I've been the proud owner of my first ever scope for a couple of years now. Its a Celestron C6-N which I got at a knock down price from Telescope Planet (which seems to be closed down now) and I'm absolutely loving it. They did a really good deal on the mount as well, which they told me was a CG5 but I've just worked out that its actually the EQ5 mount (with a Celestron sticker on it) on the CG5 tripod. I invested in the celestron eyepiece kit at the start to get me going, along with a cheshire once a discovered what collimation is and that I'd need to do it frequently.

Been finding things out as I go along whilst referring to SGL for advice. This has resulted in the recent purchase of a Telrad because I was finding it difficult to use the red dot finder that came with the scope (just waiting for the next clear night to try it out) and also the Televue Nebustar narrowband filter for nebula use - the only chance I've had to use the filter so far was for a brief couple of minutes a couple of weeks ago on the Orion Nebula before everything frosted over because it was -6 degrees!

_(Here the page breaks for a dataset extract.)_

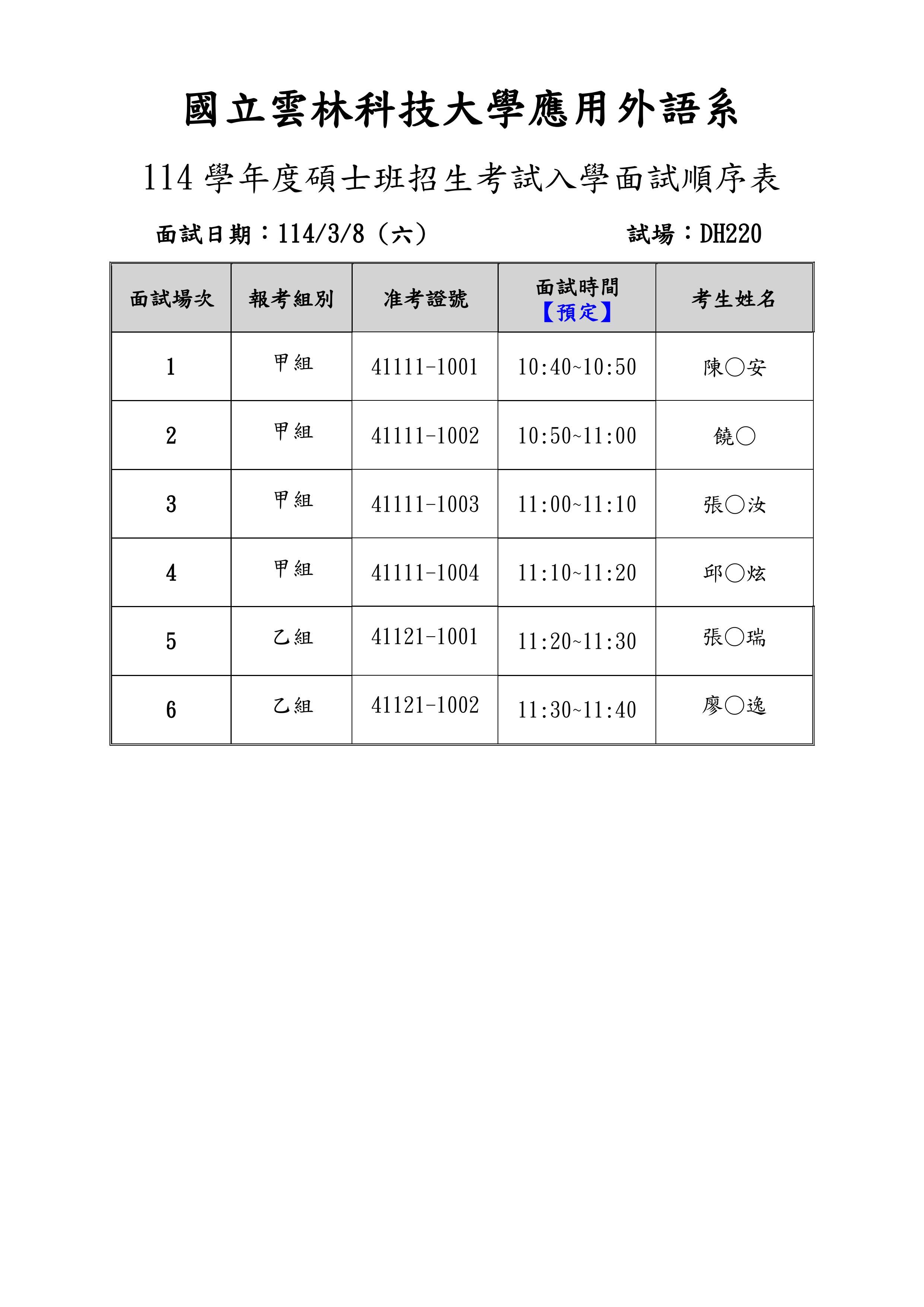 114學年度應用外語系碩士班招生考試入學面試通知.pdf

I've also taken the plunge for the Baader Mk3 laser collimator because I was convinced that my collimation was out despite using the cheshire. Sure enough, during the daytime it looked spot on with the cheshire but the laser showed the secondary to be a few mm's out (dot located on the primary doughnut itself and not in the centre of it) and hence also the primary was also out. Also its now clear to me how much changes in temperature affect the collimation because at -5 degrees the collimation was way out compared to the daytime but it only took a minute to correct using the laser. I'm now looking forward to using the scope which will be properly collimated for the first time :-)

I'm not keen to have a Goto because I want to learn the sky and how to find objects manually so I've just finished putting together a constellation guide to use 'out in the field'. The end result (unplanned) has turned out to be an A4 folder with each constellation arranged in chronological order of highest point in the sky at 10pm. Each constellation entry consists of three A4 pieces of paper, (1) a list of multiple stars and DSOs within that constellation along with a couple of information notes, (2) a print out map of the constellation (from Cartes du Ciel - came free with Sky at Night mag) with the location of each multiple star and DSO marked on it so that I'll be able to actually find them (hopefully), (3) a section to mark the observation date and any notes next to each heavenly wonder so that I'll know how I'm progressing through the Messier list, etc.

My backgarden is pretty light-polluted but I have the Breacon Beacons relatively close which is about a 50 min drive so if the skies are clear around the time of the new moon then I usually jump into the car and make a good evening of it. I've found a really quiet, dark spot with no through road which is ideal. I can't see the low horizon because of the surounding hills but its pretty sheltered within a circle of trees and allows excellent views of the heavens, including the Milky Way!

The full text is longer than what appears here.